As data volumes increase in all industries and the challenges of data management continue to grow; we look for places to store our increasing data hoard and inevitably the subject of archiving and tape comes up.
It is the cheapest place to archive data by some way; my calculations currently give it a four-year cost something in the region of five-six times cheaper than the cheapest commercial disk alternative . However tape’s biggest advantage is almost its biggest problem; it is considered to be cheap and hence for some reason no-one factors in the long-term costs.
Archives by their nature live for a long-time; more and more companies are talking about archives which will grow and exist forever. And as companies no longer seem to be able to categorise data into data to keep and data not to keep; exponential data-growth and generally bad data-management; multi-year, multi-petabyte archives will eventually become the norm for many.

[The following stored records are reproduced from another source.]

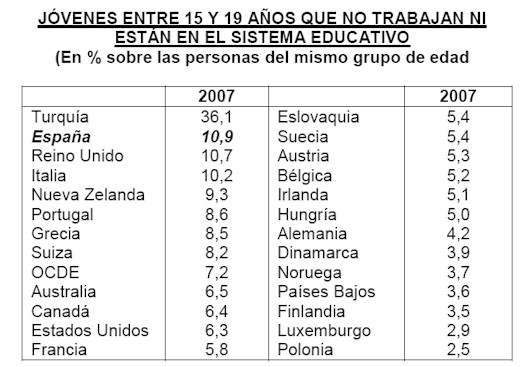 España es el segundo país de la OCDE, primero de la UE, con más jóvenes de entre 15 y 19 años inactivos -que no están trabajando ni siguen formándose-, con un porcentaje del 10,9% y sólo por detrás de Turquía (36,1%), según datos de la OCDE recogidos por el Instituto de Estudios Económicos (IEE).
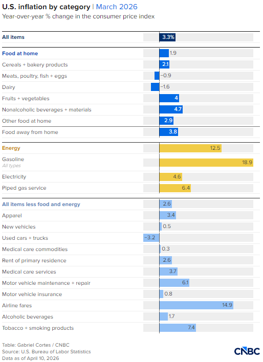 - 美国劳工统计局数据显示,2026 年 3 月消费者价格指数(CPI)同比上涨 3.3%,高于 2 月的 2.4%。
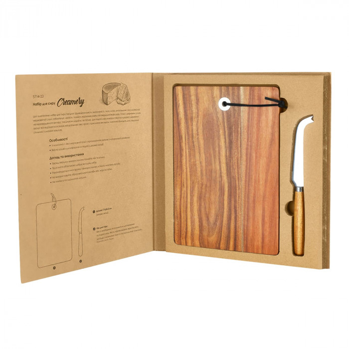 Матеріал: нержавіюча сталь, дерево Розмір дошки: 24,5 x 17 x 11,5 см Розмір ножа: 22,3 см
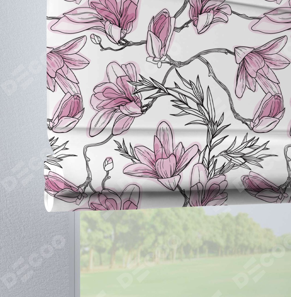 Римская штора «Кортин» на петлях «Цветки магнолии»
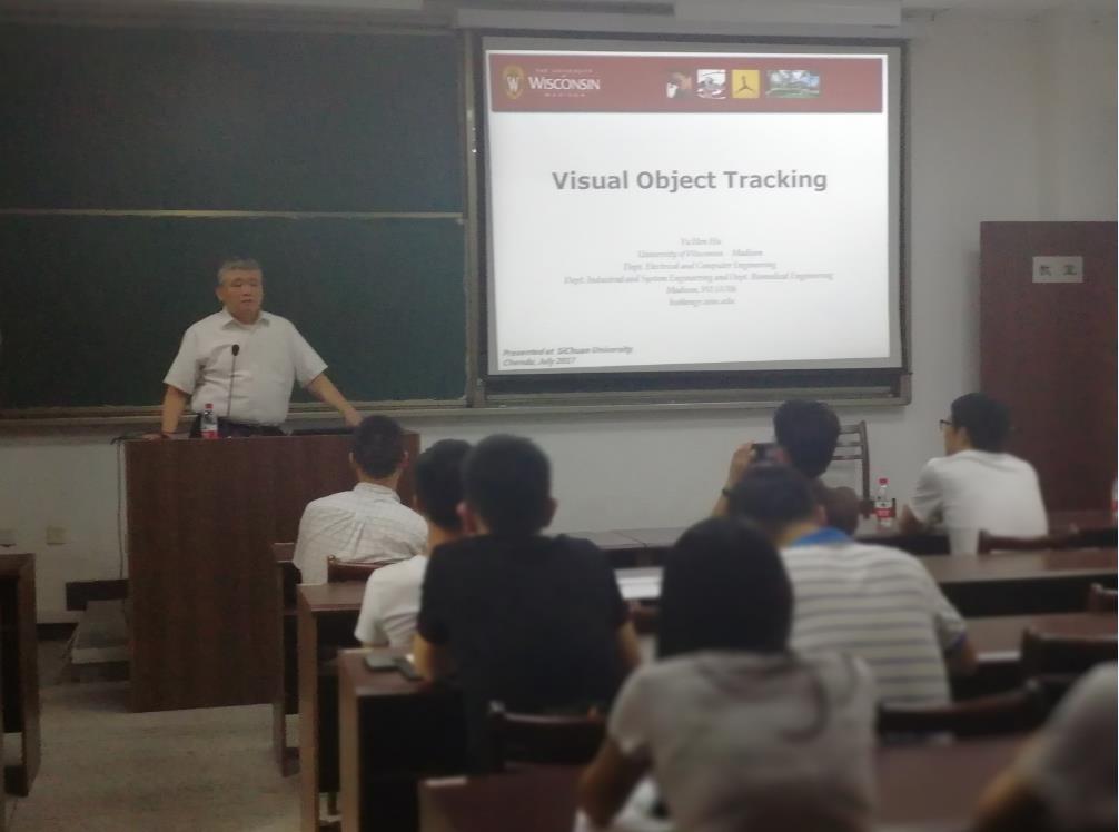 胡教授详细地介绍了视觉对象跟踪的背景、原理、研究进展以及其工业应用,特别讲解了视觉对象跟踪研究中的难点,阐述了这方面研究的前景,并表达了对同学们的殷切期盼。报告后,胡教授主动与现场师生互动交流,对大家提出的问题进行了细心的解答,也表达了今后能与四川大学进行更多、更深层次的合作与交流的愿望。
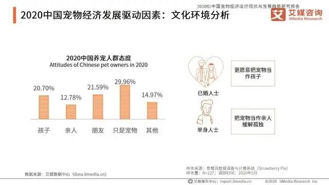 根据2020年最新的研究报告,已经有超过50%的宠物主将宠物视为自己的孩子、亲人、朋友,也有已婚人士更愿意把宠物当作自己的孩子,值得一提的是,单身人士把宠物当作亲人来缓解孤独。

This could spell the death for the tape-archive as it stands or it will necessitate some significant changes in both user and vendor behaviour. A ten year archive will see at least four refreshes of the LTO standard on average; this means that your latest tape technology will not be able to read your oldest tapes. It is also likely that you are looking at some kind of extended maintenance and associated costs for your oldest tape-drives; they will certainly be End of Support Life. Media may be certified for 30 years; drives aren’t.
Migration will become a way of life for these archives and it is this that will be a major challenge for storage teams and anyone maintaining an archive at scale.

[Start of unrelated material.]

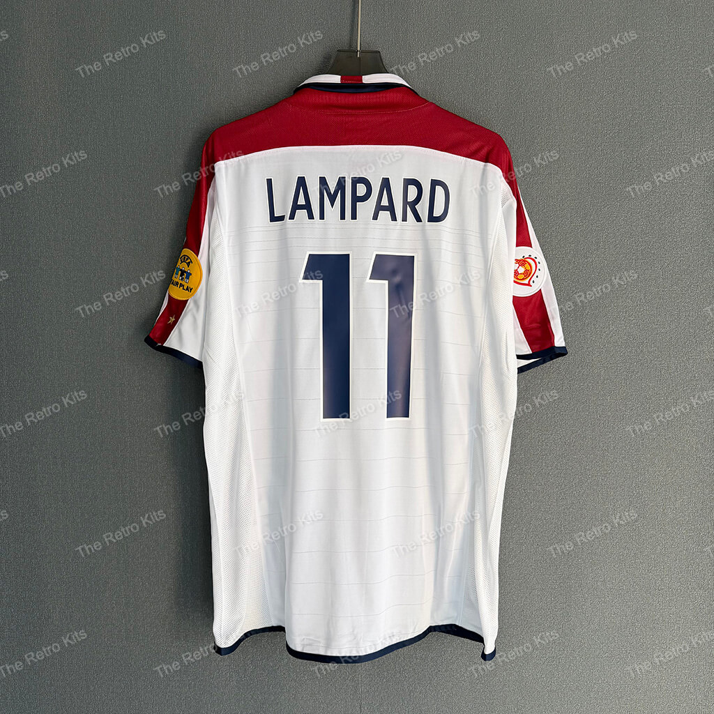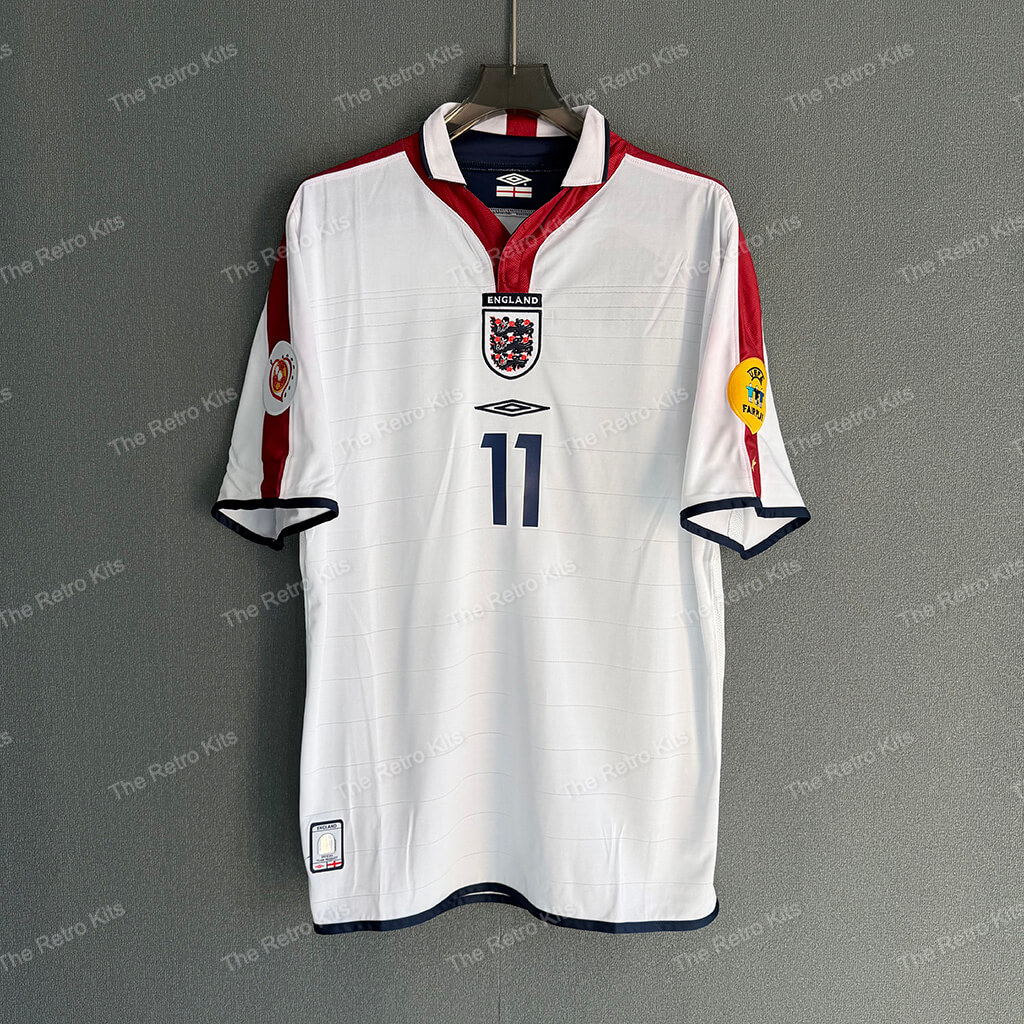 Worn by David Beckham, Wayne Rooney, and Steven Gerrard during England’s Euro 2004 campaign, including memorable group-stage performances and a quarter-final finish under Sven-Göran Eriksson.

It currently takes 88 days to migrate a petabyte of data from LTO5-to-LTO6; this assumes 24×7, no drive issues, no media issues and a pair of drives to migrate the data. You will also be loading about 500 tapes and unloading about 500 tapes. You can cut this time by putting in more drives but your costs will soon start escalate as SAN ports, servers and periphery infrastructure mounts up.
And then all you need is for someone to recall the data whilst you are trying migrate it; 88 days is extremely optimistic.

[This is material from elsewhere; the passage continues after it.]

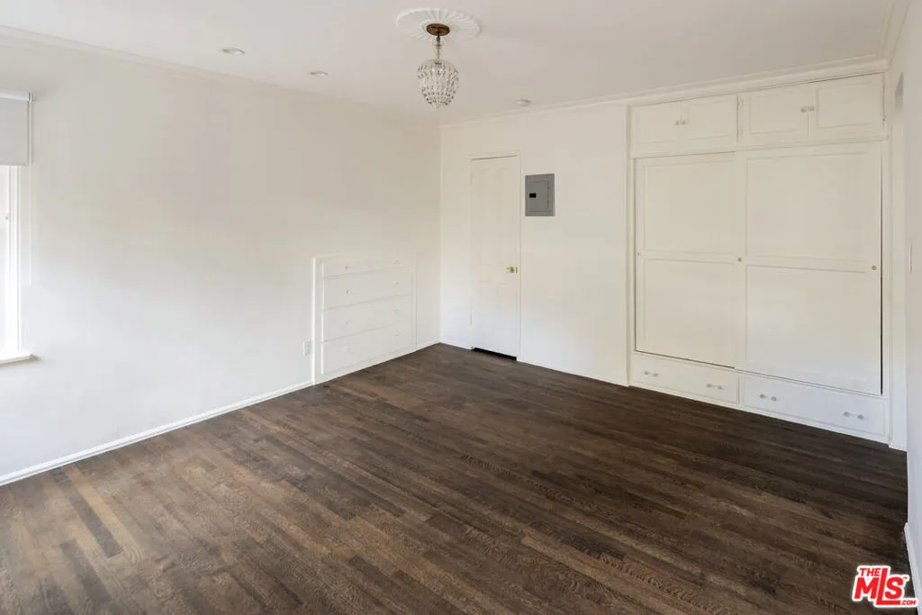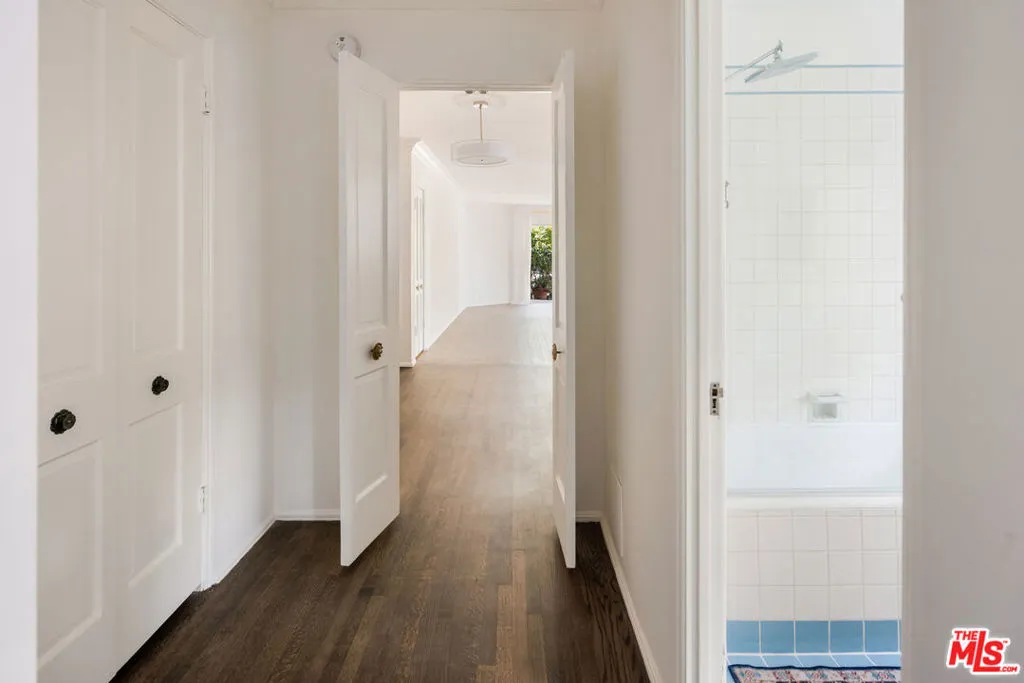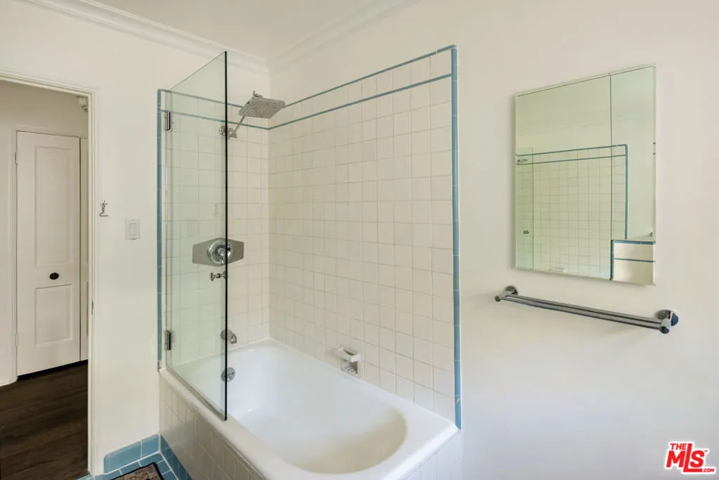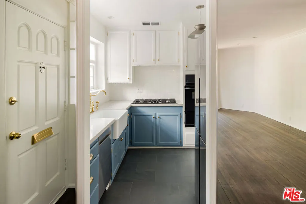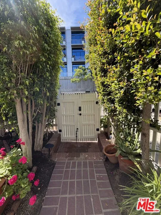 West Hollywood Gem :: In the coveted Cory Apartments :: Private Garden | 1 BD / 1 BA | 860 Sq Ft. Charming one-bedroom retreat in prime West Hollywood with gated private entrance through a beautiful brick walkway. Sun-drenched living room with dark hardwood floors and large sliding glass door opening to your own private fenced garden. Kitchen features quartz countertops, slate floors, farm sink with brass hardware, stainless steel appliances, and a garbage disposal. Renovated bathroom with original vintage tile, large soaking tub, and glass shower door. Thoughtful details include original crystal chandeliers, recessed lighting, blackout shades, and abundant built-in storage. In-unit washer/dryer, mini-split A/C and heating, one carport space, Ring doorbell, and on-site manager. Steps from Soho House, Boa, and the flats of Beverly Hills.

Of course a petabyte seems an awful lot of data but archives of a petabyte+ are becoming less uncommon. The vendors are pushing the value of data; so no-one wants to delete what is a potentially valuable asset. In fact, working out the value of individual datum is extremely hard and hence we tend to place the same value on every byte archived.
So although tape might be the only economical place to store data today but as data volumes grow; it becomes less viable as long-term archive unless it is a write-once, read-never (and I mean never) archive…if that is the case, perhaps in Unix parlance, /dev/null is the only sensible place for your data.
But if you think your data has value or more importantly your C-levels think that your data has value; there’s a serious discussion to be had…before the situation gets out of hand. Just remember, any data migration which takes longer than a year will most likely fail.